[About this exercise]: Go through the data and copy each line that holds "friendly".

[Source material Boundary: Start]

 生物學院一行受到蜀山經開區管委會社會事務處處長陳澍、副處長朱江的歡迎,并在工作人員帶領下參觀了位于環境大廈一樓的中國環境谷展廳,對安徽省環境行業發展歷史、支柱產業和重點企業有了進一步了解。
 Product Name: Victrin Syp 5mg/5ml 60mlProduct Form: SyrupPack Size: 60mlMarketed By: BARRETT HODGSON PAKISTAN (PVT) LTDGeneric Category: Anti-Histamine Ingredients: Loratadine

[Source material Boundary: End]
[Source material Boundary: Start]

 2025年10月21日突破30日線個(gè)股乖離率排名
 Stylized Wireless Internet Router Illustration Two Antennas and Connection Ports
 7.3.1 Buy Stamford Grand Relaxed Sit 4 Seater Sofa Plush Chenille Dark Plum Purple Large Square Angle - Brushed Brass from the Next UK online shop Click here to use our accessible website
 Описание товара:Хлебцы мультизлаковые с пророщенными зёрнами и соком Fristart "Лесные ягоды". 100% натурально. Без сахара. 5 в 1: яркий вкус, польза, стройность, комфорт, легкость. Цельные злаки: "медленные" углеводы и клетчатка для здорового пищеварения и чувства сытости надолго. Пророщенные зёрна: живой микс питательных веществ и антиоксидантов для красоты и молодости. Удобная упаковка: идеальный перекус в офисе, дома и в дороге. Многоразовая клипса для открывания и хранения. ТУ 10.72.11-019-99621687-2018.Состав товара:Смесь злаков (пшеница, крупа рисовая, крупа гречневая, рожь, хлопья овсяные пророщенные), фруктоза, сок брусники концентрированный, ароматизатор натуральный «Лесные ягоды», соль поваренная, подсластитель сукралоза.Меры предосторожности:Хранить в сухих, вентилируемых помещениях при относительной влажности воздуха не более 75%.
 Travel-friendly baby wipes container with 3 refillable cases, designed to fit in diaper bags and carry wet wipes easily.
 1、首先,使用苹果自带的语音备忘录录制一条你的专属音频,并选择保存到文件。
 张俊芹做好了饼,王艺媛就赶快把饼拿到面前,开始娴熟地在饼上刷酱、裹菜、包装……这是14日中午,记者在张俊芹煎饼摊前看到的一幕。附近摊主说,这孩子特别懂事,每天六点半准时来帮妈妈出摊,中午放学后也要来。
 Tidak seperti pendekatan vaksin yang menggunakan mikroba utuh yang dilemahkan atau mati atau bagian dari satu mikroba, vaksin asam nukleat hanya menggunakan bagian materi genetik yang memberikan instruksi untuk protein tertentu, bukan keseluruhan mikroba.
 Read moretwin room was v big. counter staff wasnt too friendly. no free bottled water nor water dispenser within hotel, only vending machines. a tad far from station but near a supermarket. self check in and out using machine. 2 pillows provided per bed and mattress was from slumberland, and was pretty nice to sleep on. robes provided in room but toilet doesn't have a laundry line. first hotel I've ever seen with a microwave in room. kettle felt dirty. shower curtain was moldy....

[Source material Boundary: End]

[Response to the exercise]:
 Travel-friendly baby wipes container with 3 refillable cases, designed to fit in diaper bags and carry wet wipes easily.
 Read moretwin room was v big. counter staff wasnt too friendly. no free bottled water nor water dispenser within hotel, only vending machines. a tad far from station but near a supermarket. self check in and out using machine. 2 pillows provided per bed and mattress was from slumberland, and was pretty nice to sleep on. robes provided in room but toilet doesn't have a laundry line. first hotel I've ever seen with a microwave in room. kettle felt dirty. shower curtain was moldy....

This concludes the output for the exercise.